» **What to work on**
Word for word, restate the lines of the listing below from the line with "A 1 country" through the line with "وخلال الزيارة للمدرسة", and do not include the pictures.

» **The data**
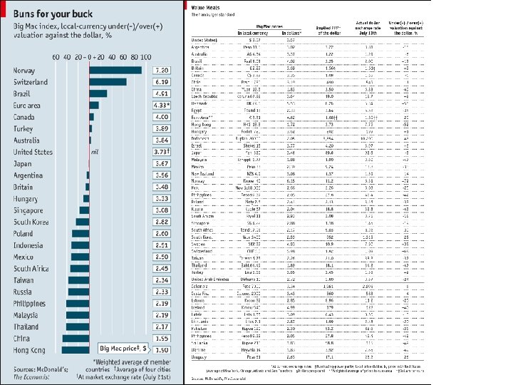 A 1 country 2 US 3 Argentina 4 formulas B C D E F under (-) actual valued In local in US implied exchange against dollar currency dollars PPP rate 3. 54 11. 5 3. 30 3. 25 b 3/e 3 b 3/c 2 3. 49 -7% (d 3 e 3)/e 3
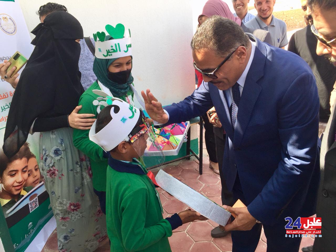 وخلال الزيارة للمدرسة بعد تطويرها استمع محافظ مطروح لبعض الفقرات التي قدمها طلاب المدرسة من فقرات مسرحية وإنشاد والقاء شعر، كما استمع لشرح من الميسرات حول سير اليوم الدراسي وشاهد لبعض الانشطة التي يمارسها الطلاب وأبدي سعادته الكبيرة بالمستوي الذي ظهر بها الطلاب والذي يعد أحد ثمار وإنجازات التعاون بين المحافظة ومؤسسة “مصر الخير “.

---

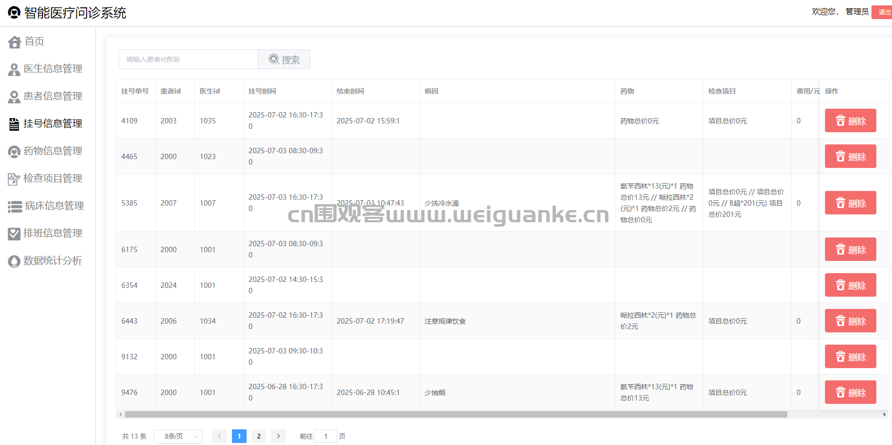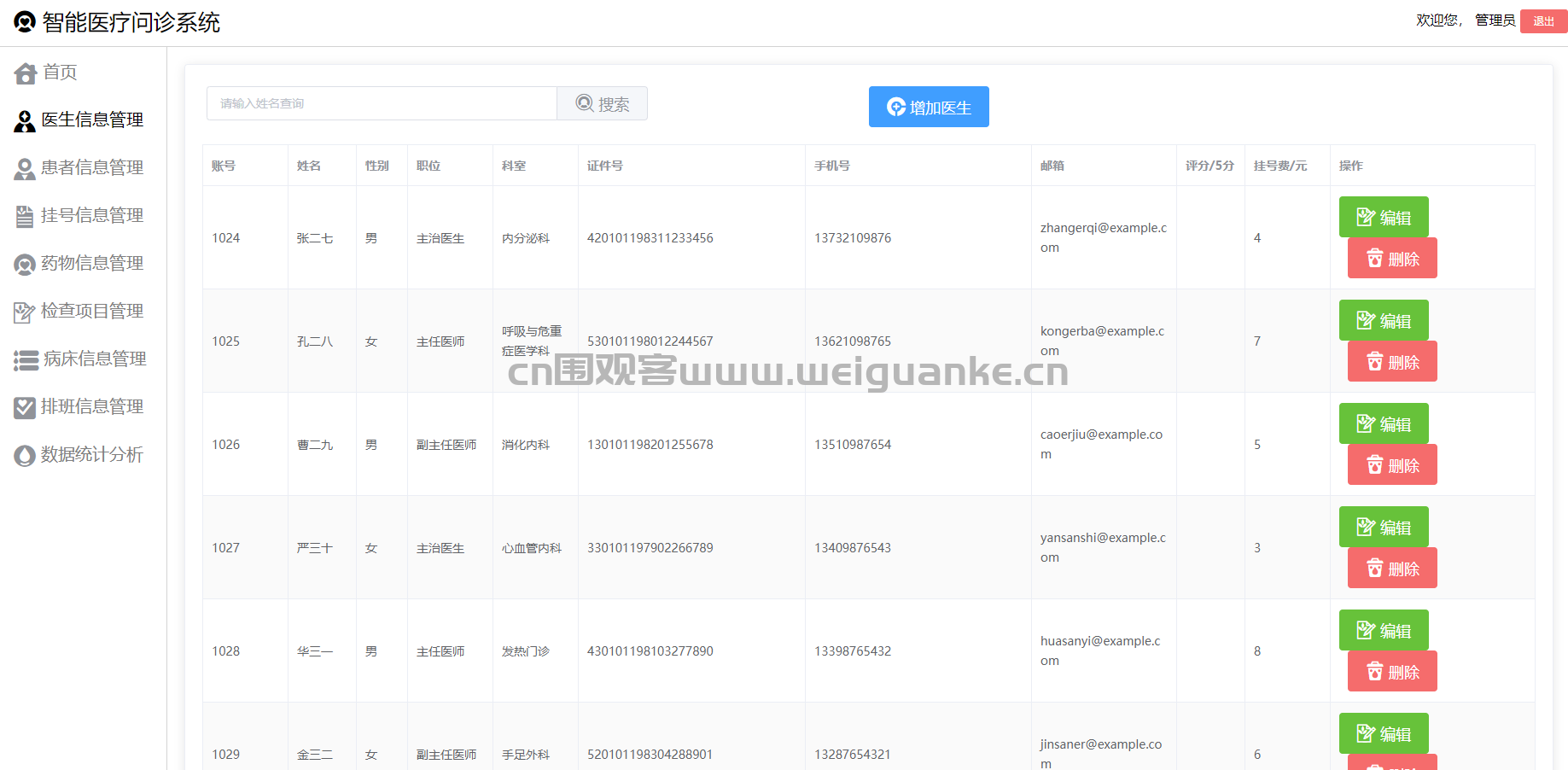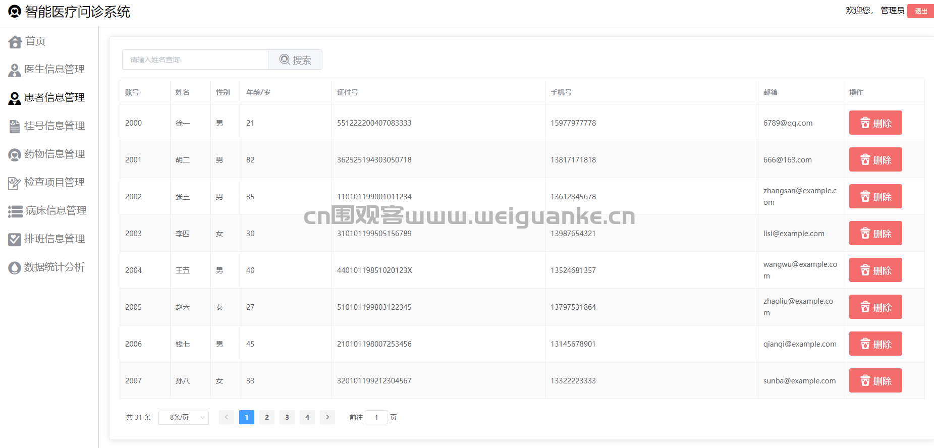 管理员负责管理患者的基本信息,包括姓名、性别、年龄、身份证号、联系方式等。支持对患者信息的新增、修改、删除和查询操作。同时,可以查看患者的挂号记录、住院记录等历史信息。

» **Output**
 A 1 country 2 US 3 Argentina 4 formulas B C D E F under (-) actual valued In local in US implied exchange against dollar currency dollars PPP rate 3. 54 11. 5 3. 30 3. 25 b 3/e 3 b 3/c 2 3. 49 -7% (d 3 e 3)/e 3
 وخلال الزيارة للمدرسة بعد تطويرها استمع محافظ مطروح لبعض الفقرات التي قدمها طلاب المدرسة من فقرات مسرحية وإنشاد والقاء شعر، كما استمع لشرح من الميسرات حول سير اليوم الدراسي وشاهد لبعض الانشطة التي يمارسها الطلاب وأبدي سعادته الكبيرة بالمستوي الذي ظهر بها الطلاب والذي يعد أحد ثمار وإنجازات التعاون بين المحافظة ومؤسسة “مصر الخير “.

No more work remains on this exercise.